17. On an appreciation of the findings recorded by

the Tribunal, we notice that the Tribunal has proceeded on a

singular angle with an assumption that the ultimate aim of

acquiring an asset was a measure of tax avoidance without even

bearing in mind the principles of the Indo-Mauritius Double

Taxation Avoidance Convention, 1983. The Tribunal has also not

considered the concept of commercial expediency while

determining the question whether the expenditure claimed is

allowable as a deduction under section 37 of the Act. It cannot

be stated as a general principle that in every case where a loan

is taken, even if the ultimate purpose is for acquiring a capital

asset, and a resulting loss ensues thereon, the same ought to be

treated as a business loss. According to us, the answer depends

upon the facts and circumstances of each case. The issue should

have been approached from the point of view of a prudent

businessman and not from the eyes of the taxing authorities.

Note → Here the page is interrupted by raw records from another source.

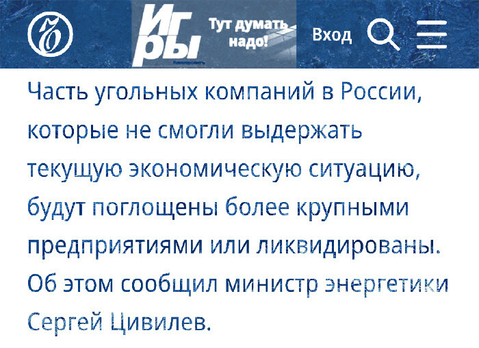 "Часть угольных компаний в России, которые не смогли выдержать текущую экономическую ситуацию, будут поглощены более крупными предприятиями или ликвидированы. Об этом сообщил министр энергетики Сергей Цивилев".
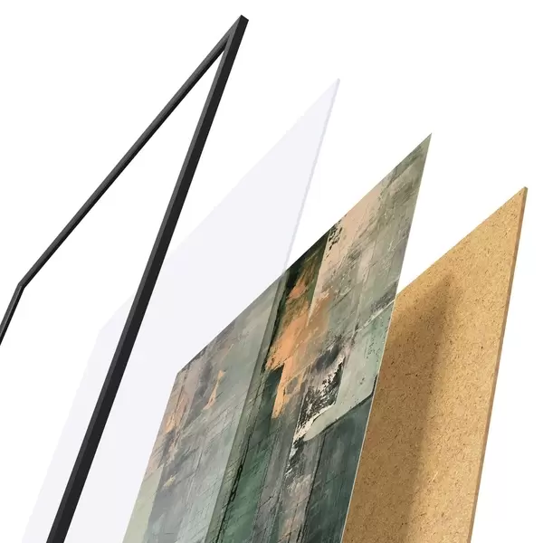 Постер складається з рами, оргскла, надрукованого зображення та підкладки з ДСП. Завдяки кріпленням на звороті плакат можна одразу ж повісити на стіну.
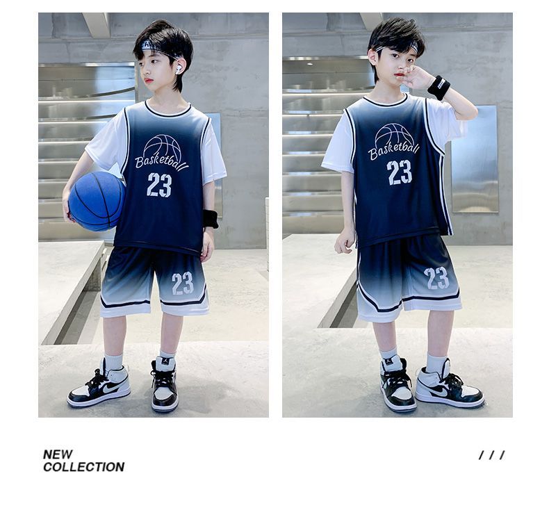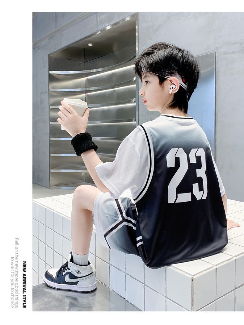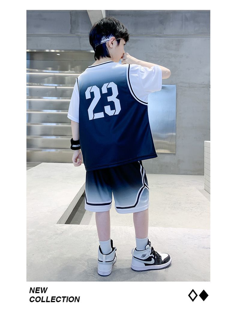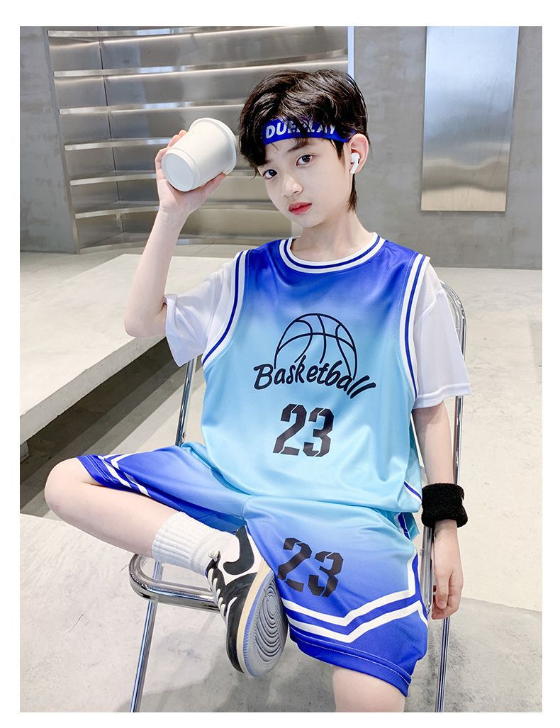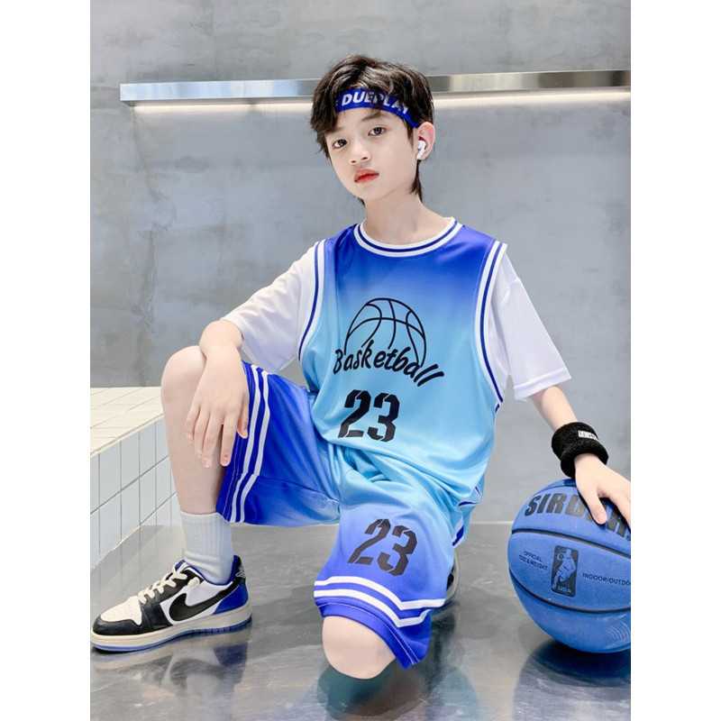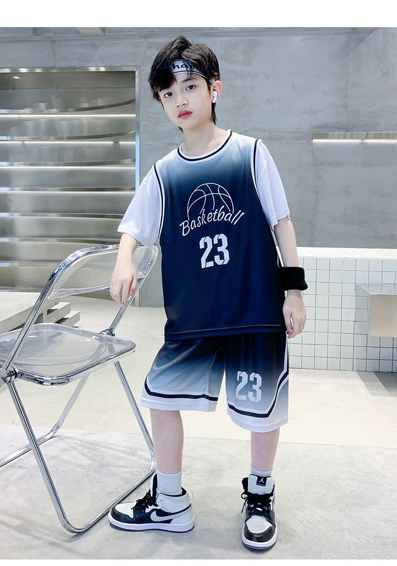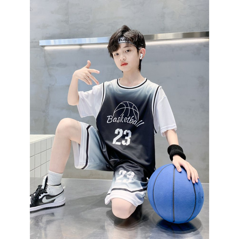 소년 여름 세트 농구 세트 2025 새로운 어린이 여름 얇은 빠른 건조 공 세트 소년 레저 스포츠 트렌디
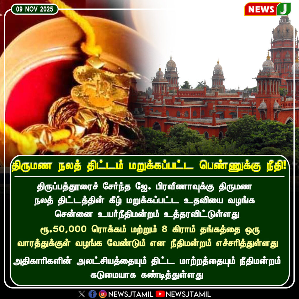 In a major verdict, the Madras High Court ordered the Tamil Nadu government to pay ₹50,000 compensation and 8 grams of gold to a woman whose marriage assistance scheme benefits were wrongfully denied. The court criticized the negligence of officials and emphasized the need for accountability in welfare scheme execution.
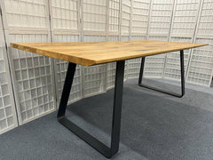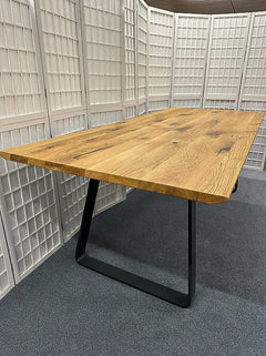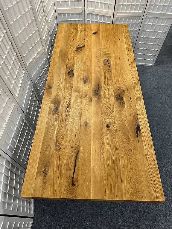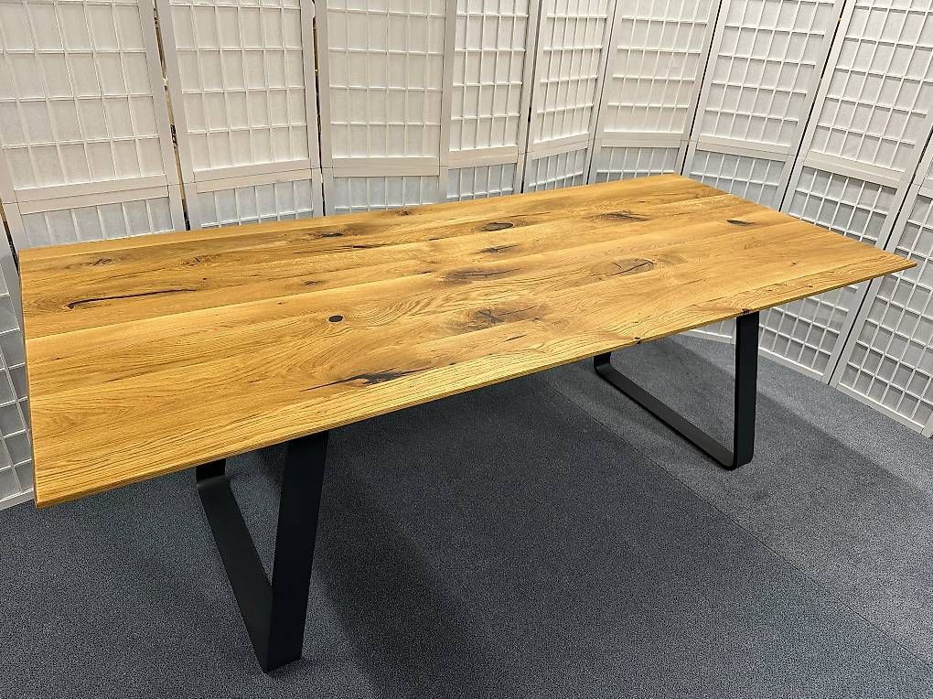 Esstisch von Wimmer «Zweigl Z51» rustikale Asteiche vollmassiv geölt. Äste sind mit Epoxidharz gefüllt. Schweizer Kante, Plattenstärke 3 cm, Stahlkufen RAL7021 Schwarzgrau.
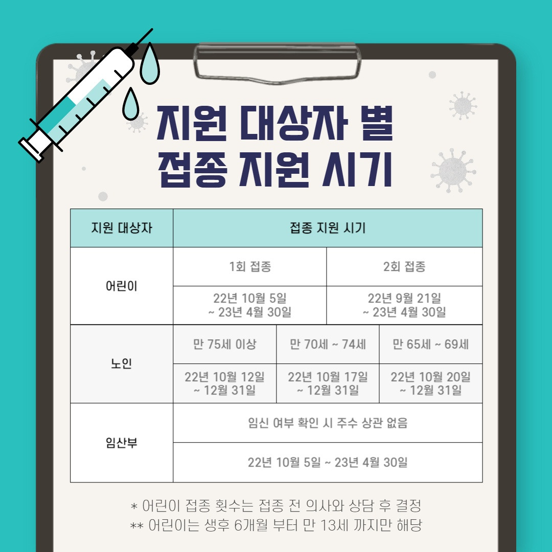- 75세 이상 : 2023년 10월 11일부터 2024년 4월 30일까지
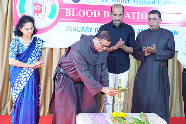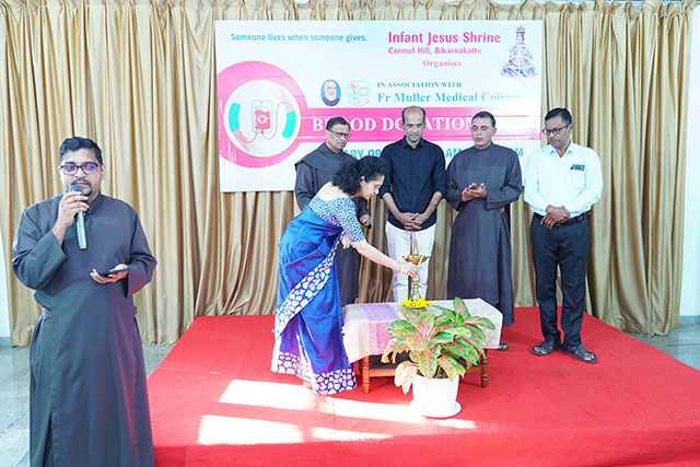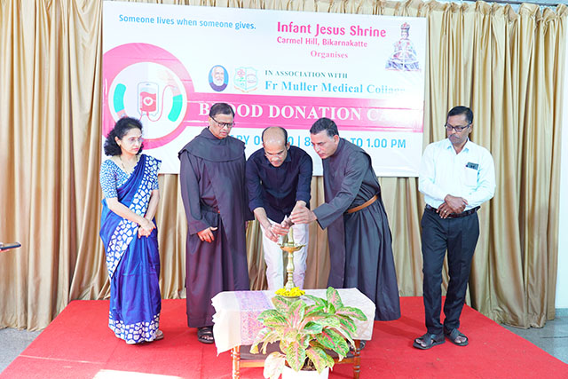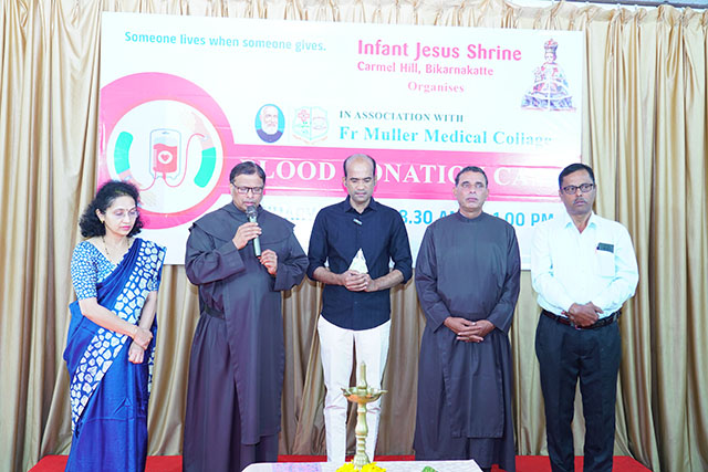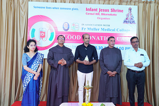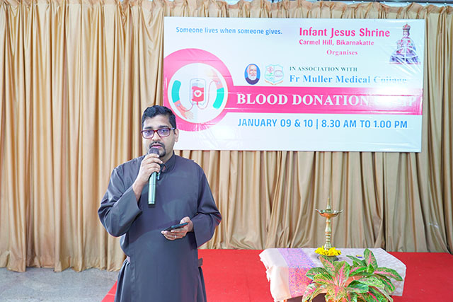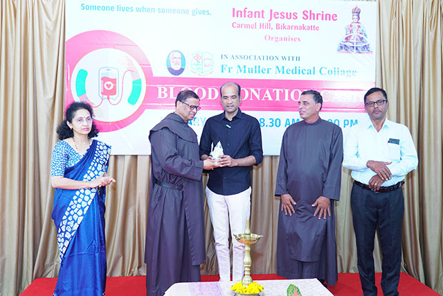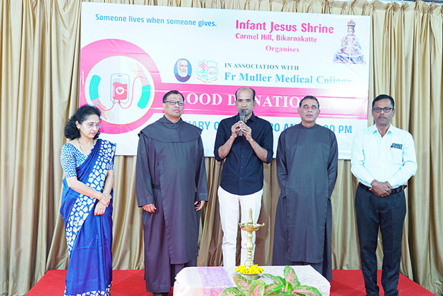 Mangaluru, Jan 10: As part of its ongoing commitment to social responsibility and humanitarian service, the Infant Jesus Shrine, Bikarnakatte, in collaboration with Father Muller Medical Institutions, organised a blood donation camp on Friday, January 9 to promote voluntary blood donation and encourage community participation in saving lives.

Whether the loan was taken as a measure of commercial

expediency or not ought to have governed the consideration of

the issue in this case rather than the motive behind establishing

the two subsidiaries. The concept of lifting the corporate veil had no

application in the instant case. The corporate veil is lifted only in

certain specific instances, especially when fraud is committed, or

when tax is sought to be evaded, or when the Company resorts to

illegal activities. Formation of subsidiary company in Mauritius cannot

be regarded as such an illegal act as explained by the Supreme Court

in Union of India (UOI) and Others v. Azadi Bachao

Andolan and Others [(2003) 263 ITR 706 (SC)]. We feel that

as a final fact finding authority, the Tribunal ought to have

considered the matter from a practical point of view, bearing in

mind the principles laid down by the Supreme Court in the above

referred cases.

18. Having regard to the view taken by the Supreme

Court in the decisions referred to above and the contradictory

findings recorded by the Tribunal, which according to us clearly

amounts to making a new case in favour of the revenue, We are

of the view that the order of the Tribunal is liable to be set aside

and a fresh consideration is to be carried out by the Tribunal.

In the aforesaid circumstances, we set aside the order

of the Tribunal dated 29.5.2013 in I.T.A. No.31/Coch/2010 and

remand the same to the Tribunal itself, for fresh consideration.

Sd/-

S.V.BHATTI, JUDGE

Sd/-

BECHU KURIAN THOMAS, JUDGE

RKM

APPENDIX

PETITIONER'S ANNEXURES :

A1 : COPY OF THE ASSESSMENT ORDER DATED 19.12.2008 OF THE 1ST RESPONDENT.

A2 : COPY OF THE APPELLATE ORDER DATED 30.11.2009 OF THE COMMISSIONER OF INCOME TAX (APPEALS)-II, KOCHI.

A3 : CERTIFIED COPY OF THE IMPUGNED ORDER DATED 29.05.2013 OF THE INCOME TAX APPELLATE TRIBUNAL, KOCHI BENCH.